FIT-039

FIT-039 is a selective, ATP-competitive and orally active CDK9 inhibitor with an IC₅₀ of 5.8 μM for CKD9/cyclin T1. FIT-039 does not inhibit other CDKs and other kinases. FIT-039 inhibits replication of HSV-1 (IC₅₀ of 0.69 μM), HSV-2, human adenovirus, and human CMV. FIT-039 is a promising antiviral agent for inhibiting drug-resistant HSVs and other DNA viruses. In Vitro: FIT-039 (30 μM; 3 hours; HEK293 cells) treatment decreases phosphorylated CTD in the infected or noninfected cells to a level lower than that shown by Flavopiridol. FIT-039 reduces the expression levels of HSV-1 immediate-early genes (IEGs) and early and late genes^[1].

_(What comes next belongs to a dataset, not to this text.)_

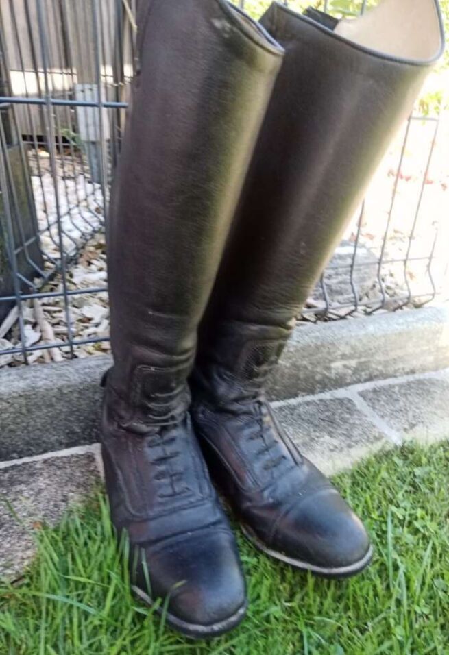 Ridstövlar "Felix Bühler - Dressyrridstövlar "Felix Bühler", storlek 41, korta/breda. Vänligen se bilder för exakta mått. Dragkedja och tryckknappar fullt funktionella Som privat försäljning ingen garanti - ingen retur

FIT-039 inhibits replication of the HSV-1 genome in a dose-dependent manner (EC₅₀ and EC₈₀ are 0.69 μM and 4.0 μM, respectively)^[1].
FIT-039 potently suppresses 8 kinases (GSK3β, PKN1, haspin, p70s6K, DYRK1B, GSK3α, IRR, and DYRK3) other than CDK9 on the 332-kinase panel. These kinases are involved in the replication of various viruses^[1]. In Vivo: Treatment with the FIT-039 ointment twice a day suppresses skin lesions and rescues mice (male BALB/c mice injected with HSV-1) from lethality in a dose-dependent manner. The healing of lesions is observed with 5% to 10% FIT-039 ointment, leading to the complete regression of zosteriform spread on day 10, which is also observed with the 5% ACV ointment^[1].
FIT-039 does not affect body weight gain in mice administrated with an overdose of this compound (1000 mg/kg/d) for 14 days, and no changes are observed in biological markers in their blood^[1].